**Dataset extract**

○ ○ ○ ○ ○ ○ ○

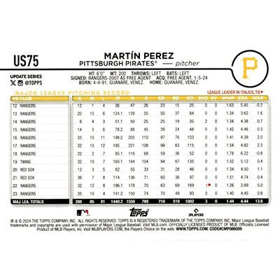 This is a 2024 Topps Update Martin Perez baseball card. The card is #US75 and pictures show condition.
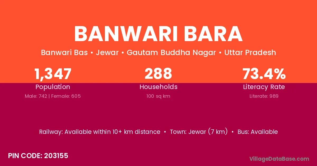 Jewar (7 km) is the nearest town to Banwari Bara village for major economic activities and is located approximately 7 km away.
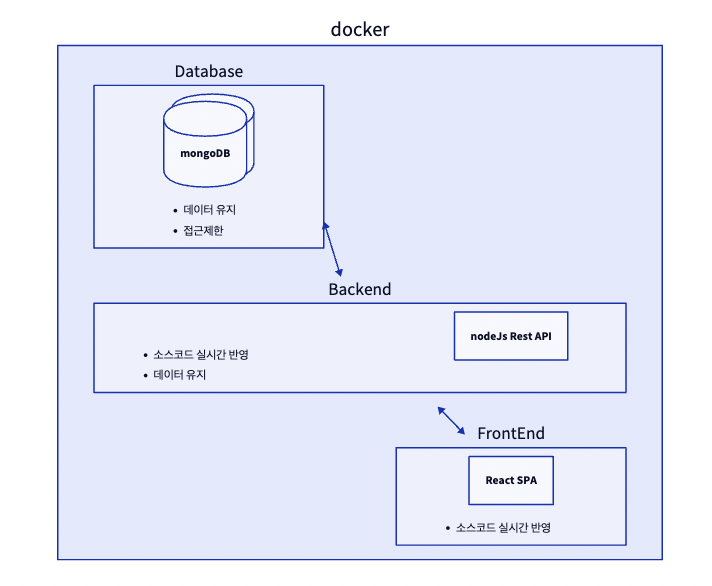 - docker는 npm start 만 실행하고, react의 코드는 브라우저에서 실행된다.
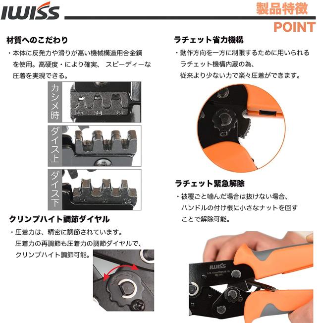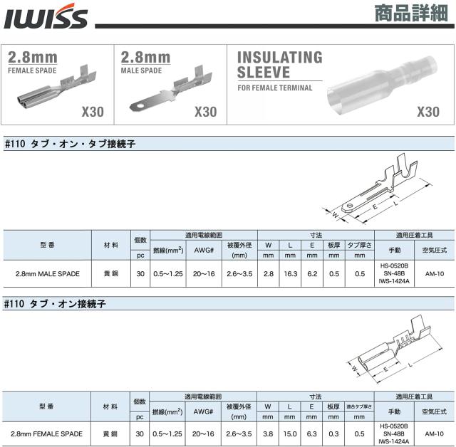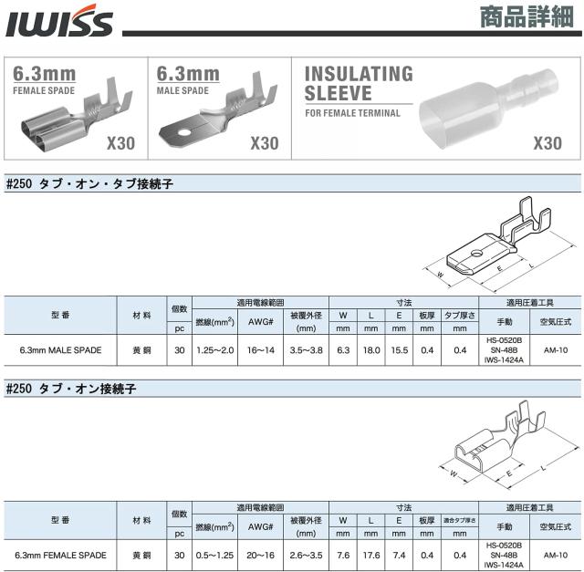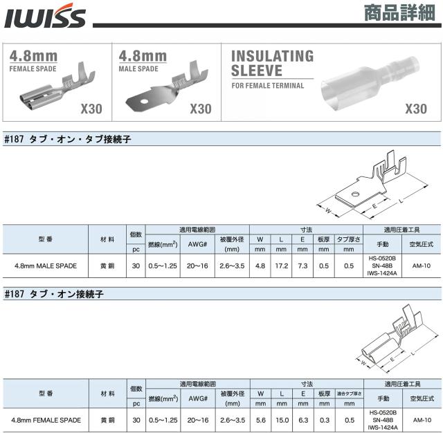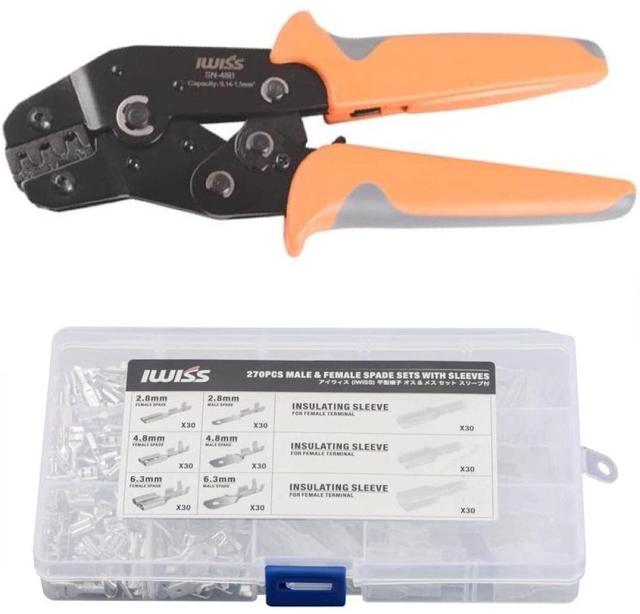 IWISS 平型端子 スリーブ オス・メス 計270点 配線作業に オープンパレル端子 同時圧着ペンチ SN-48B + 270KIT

○ ○ ○ ○ ○ ○ ○

**Aim of the task**
Since only the text is needed, retype the data above exactly and omit the pictures.

**Solution below**
 This is a 2024 Topps Update Martin Perez baseball card. The card is #US75 and pictures show condition.
 Jewar (7 km) is the nearest town to Banwari Bara village for major economic activities and is located approximately 7 km away.
 - docker는 npm start 만 실행하고, react의 코드는 브라우저에서 실행된다.
 IWISS 平型端子 スリーブ オス・メス 計270点 配線作業に オープンパレル端子 同時圧着ペンチ SN-48B + 270KIT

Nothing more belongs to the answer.